It’s coming up on four months, or a third of a year, that Garden State Kitchen has been open. It’s been quite a rollercoaster ride since then, and I’ve really learned some of the realities and joys of entrepreneurship. I will be writing a retrospective on our experience of running a business about three times a year. This first one describes some of the hardships I’ve encountered, how I worked through them, and how I’m feeling moving forward.

It was back around Thanksgiving, shortly after opening for business, that I decided we needed to upgrade our door locks. We had given away countless keys to contractors, members, and supporters, all of whom were needed to help us get through to the opening. While that worked for the construction phase, we were now in operations mode, and growing by the day. The system of giving out keys was not sustainable or particularly secure.

I had known for some time that we needed some type of keyless entry system for the space, and had been researching various systems over the years. I needed a system that would facilitate safe and unencumbered access to the space for our entrepreneurs who are there all hours, day and night. Sounds simple, right? Find a door lock online from a reputable dealer, order the lock, install the lock, and assign codes to the users. Done! But not so fast…

I won’t bore you with the barrage of issues we had with the this new door lock installation, everything from the physical install to the software set up, but it did take us nearly THREE MONTHS to complete the new set up. Three months!

I frankly thought I was never going to be able to program this thing. The tedious challenges seemed like they would never end. But step by step we made progress and then one day in February, viola!
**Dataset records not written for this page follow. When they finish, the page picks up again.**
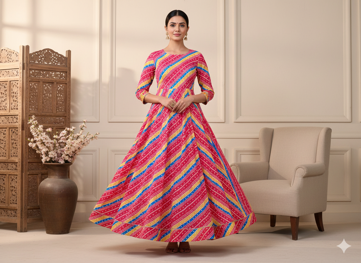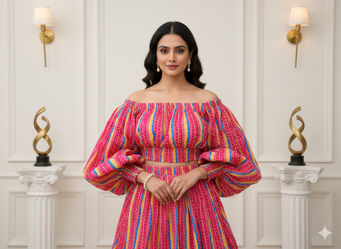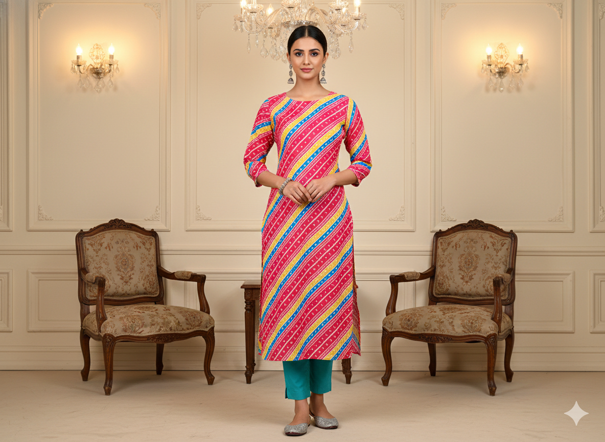 पिंक बंधनी स्ट्राइप्स प्रिंटेड चिनॉन फैब्रिक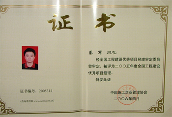 他本人因成績突出,工作勤勉,先后獲得“揚州市青年突擊手”、全國工程建設優秀項目經理等榮譽稱號。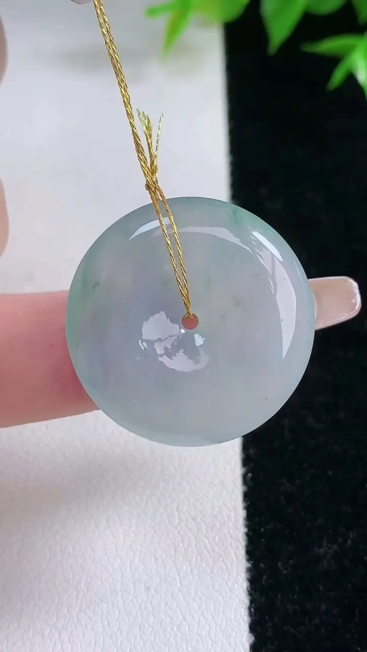 天然A货翡翠冰种飘花平安扣吊坠,尺寸24.8-5.4,重量:7.00g 2月3日

The system was in and I was able to program the door codes for all of our members and staff. I literally jumped for joy.

This may sound like a small feat but, my friends, this experience encapsulates so much of what I have learned about entrepreneurship. It is a long and winding road filled with a relentless daily grind of mundane details. I realized that this door lock issue was just a metaphor for what its like being an entrepreneur. Small victories = big joy.

While I knew I was going to have to work hard, I’m realizing that while it is extremely fulfilling, being an entrepreneur is one of the toughest jobs out there. If you want to be a baker, you’d better love standing in a kitchen for 10 hours a day. If you want to be a chef, you’d better love endlessly prepping vegetables. If you want to be a writer, you’d better love the sight of a blank piece of paper starting back at you, with all of its possibilities.

My mentor, Brad Finkel from Hoboken Farms, often reminds me that he has been standing under tents for over twenty years selling his delicious curated food. Now his marinara sauce is in stores all over the region and his brand is growing by the day, but there no such thing as an overnight success. Don’t let yourself be fooled by those stories.

Four months have now passed since we opened Garden State Kitchen. I find myself finally being able to take a moment to step back and breathe, and truly start to appreciate what we have brought to life. I am proud to be the owner of GSK, and am finding great joy in being surrounded by so many entrepreneurs who bring their skills, time, and talent to the kitchen. They cook, bake, sweat, and toil everyday for their businesses. It is legitimately and truly inspiring to be among this crowd of go-getters.

As you may have read in our recent blog post, and see in the graphic below, it has been over five years since we started this journey. To say there have been “ups and downs” would be a massive understatement, but I suppose that too, is just part of the journey.

Even though I’ve heard pretty much every entrepreneur say, “I just never realized how much work it would be!”, I still find myself in shock at how much work it is! The lists are never-ending, the anxiety is constant, and the challenges are seemingly insurmountable. And meanwhile, it is great! I love the simultaneous obstacles and opportunities that present themselves daily. I love how I empowered I am to shape my work and to shape the future of my business.

Now that I am taking the time to appreciate what we have built and are growing, I’m grateful for the opportunity to be able to share my thoughts about it with you. It has brought a deeper joy than I expected, and comes from a place of extreme gratitude.

So in conclusion, maybe I don’t sleep as well as I did before I was an entrepreneur. I might be scared to spend money now and sometimes the to-do lists are more daunting than ever, but I have also never, ever, been so happy!